-
Notifications
You must be signed in to change notification settings - Fork 0
Description
In updating one of the jupyterhub demos, it is not easy to find a combination that works. Everything has to match, even up to patch version: the spark version, the python version, and the requirements must be compatible with the host image libraries (e.g. pandas, scikit-learn etc.). Otherwise there are a lot of serial-class-ID errors on de/serialization. A lot of trial-and-error is involved.

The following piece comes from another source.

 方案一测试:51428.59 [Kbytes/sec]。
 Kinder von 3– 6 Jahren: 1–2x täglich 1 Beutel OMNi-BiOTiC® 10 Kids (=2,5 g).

The older jupyter/pyspark-notebook:python-3.11 images have been discontinued and they have been replaced with these from quay.io. Testing these illustrates some typical incompatibilites:
quay.io/jupyter/pyspark-notebook:python-3.11.10 (notebook: spark 3.5.3)
quay.io/jupyter/pyspark-notebook:python-3.11.9 (notebook: spark 3.5.2/python 3.11.9, SDP 3.5.2: python 3.11.7)
quay.io/jupyter/pyspark-notebook:python-3.11.8 (notebook: spark 3.5.1/python 3.11.8, SDP 3.5.1: python 3.11.7)
quay.io/jupyter/pyspark-notebook:python-3.11.7 (notebook: spark 3.5.0, but.... etc.etc.)
Proposal
Build our own jupyterhub images, so we can co-ordinate these versions.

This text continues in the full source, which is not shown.